Cattails (Thypha spp.) The sprouts that emerge from the water, once peeled, can be eaten raw or cooked.
When the canes are very young (about a month), they present an edible raw or cooked pith. The female part (the brown ear) can be roasted and eaten like corn.
The male part (the flowers at the apex), when they open and the set of yellow flowers is seen, they shake to collect pollen, which can be used as flour. The adult roots generate small buds that can be eaten like the shoots.
The roots are also edible, peeled and raw, cooked or dried and ground as flour. The seeds are collected ripe and roasted.
The rhizomes are edible almost all year round, boiled, fried, in embers or in a vinaigrette and abound at a rate of 7 or more tons per hectare.
In autumn and winter they can be more fibrous but they can still be used for their carbohydrates in a similar way to that of reed. 22% of its weight can be used as flour.
In winter the bases of the stems can also be used: the plant is cut at ground level and the base is peeled until reaching the nutritive core.
Immature ears can be eaten raw (Duke 1992) or cooked, like ears of corn.
In early summer the ears are covered in pollen, which can be collected to make tortillas or add to soups; mixed with other flours, it is used for pancakes or flatbreads.
Pollen is rich in proteins and vitamins A, B, C and E. You must remove the shells and hairs from the seeds, which can be done by scorching them briefly with fire or sifted with a sieve.
They can be added to stews or porridge and contain up to 20% oil. Pollen, if dried well, can be kept for the winter without getting moldy.
Each spike can provide up to 1.5 g of pollen (INCUPO 1988) and can reach 4000 kg per hectare (Arenas & Scarpa 2003, who reproduce a bromatological study of pollen carried out by M.Charpentier 1998).
Analysis done in Chile (Schmeda et al. 1999) reveals that rhizomes (dry weight) contain around 67% carbohydrates, 6% crude proteins and 1% lipids.

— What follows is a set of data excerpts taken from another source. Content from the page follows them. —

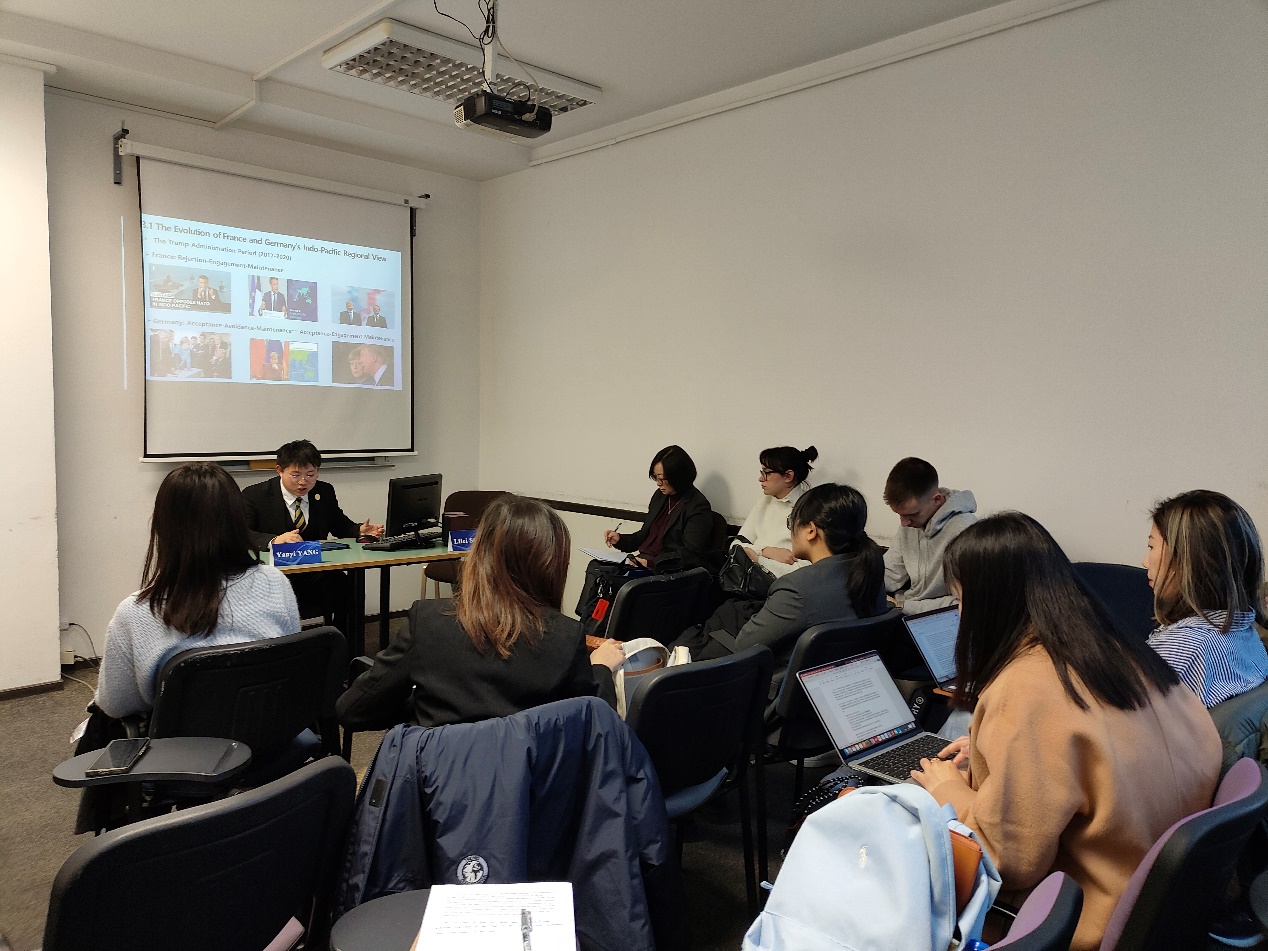 论坛期间,同济大学15名硕博研究生在主会场和平行会场分别进行学术汇报,讨论了全球环境治理、欧盟绿色转型、欧洲一体化进程、安全治理等前沿话题,贝尔格莱德大学师生对此进行了积极评论与提问,会场讨论气氛热烈。汇报结束后,宋黎磊教授和武契尼奇教授均对学生的研究成果表示肯定,并建议进一步聚焦研究主题,强化研究方法与文献支持。同时,双方均对两校师生间的友好交流表示肯定,并期待双方在未来进一步开展更密切、更多维的交往。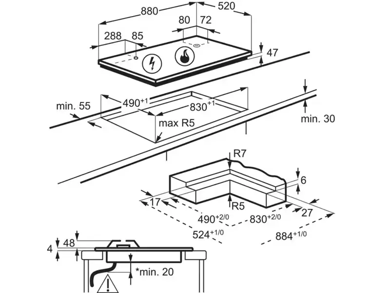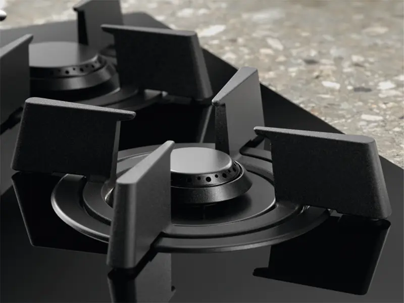 Матові чорні конфорки з вертикальними полум'ями можна мити в посудомийній машині та зберігати до 20 % енергії за рахунок швидкого нагрівання. Точніше півм'я нагріває лише використовуваний посуд для більшої ефективності.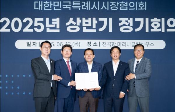 대표회장인 이재준 수원시장을 비롯한 5개 시 특례시장(창원시는 시장 권한대행)은 12일 화성시 전곡항 마리나클럽하우스에서 열린 대한민국특례시시장협의회 2025 상반기 정기회의에서 건의문에 서명했다. 특례시시장협의회는 행정안전부 장관 등에게 건의문을 전달할 예정이다.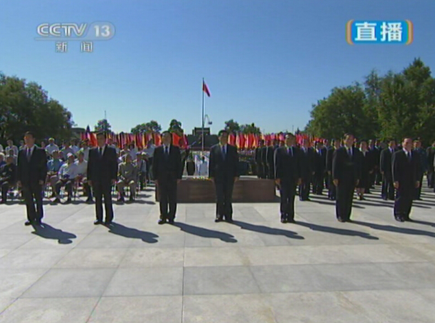 9时56分,习近平、李克强、张德江、俞正声、刘云山、王岐山、张高丽等来到这里,现场响起热烈掌声。习近平等在中国人民抗日战争纪念馆前的平台上肃立。参加过抗日战争的老战士和老同志、抗战烈士亲属、为中国人民抗日战争胜利作出贡献的国际友人遗属代表,解放军武警部队官兵代表,首都各界群众代表,排着整齐的队列面向纪念馆肃立。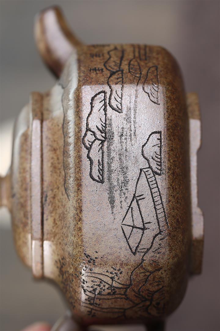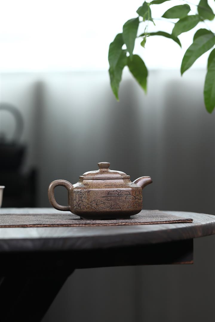 180cc原礦段泥火燒雲太湖石四方茶壺POT8925
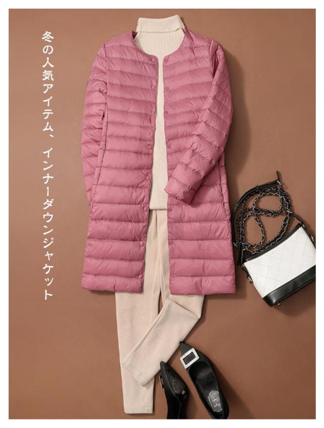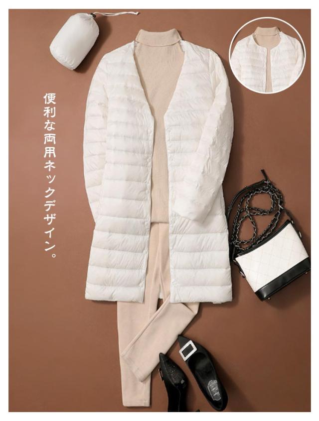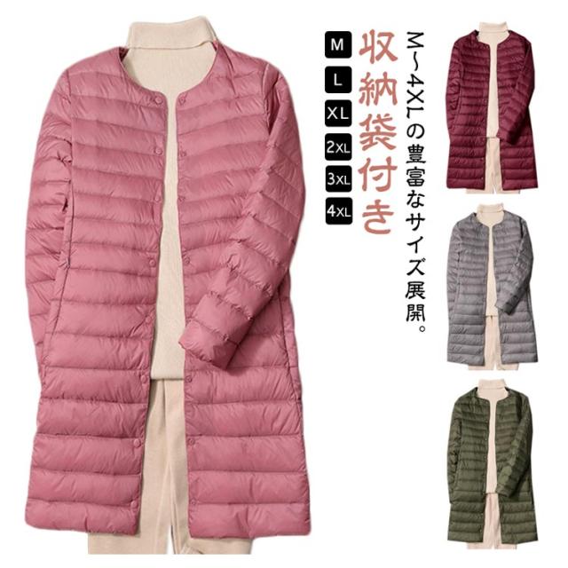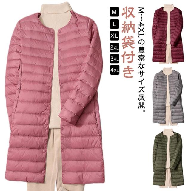 インナーダウン レディース ダウンジャケット 大きいサイズ 収納袋付き サイドジップロングジャケット カジュアル 防寒 重ね着 アウター 軽量 秋 冬 シンプル 冬服 秋 冬 アウター 柔らかい 暖かい おしゃれ カジュアル 大人 送料無料

Cattails in Sweden yield an average of 1.9 kg / m² of rhizomes that provide more than 1,300 kilocalories (Källman 1988). Someone living in front of a cattail would not have to go hungry: Euell T. Gibbons, a great connoisseur of the food flora of the USA, argued that cattails are the true supermarkets of the swamps (Harrington 1967, Bringle-Clarke 1977, Peterson 1977, Kunkel 1984, Genders 1988, Zurlo & Brandão 1990, Peters et al. 1992, Kershaw 2000). About ten species ofTyphawith edible rhizomes, shoots, spikes and pollen. Two more species are recorded in Argentina:T. latifolia L. andT. subulata.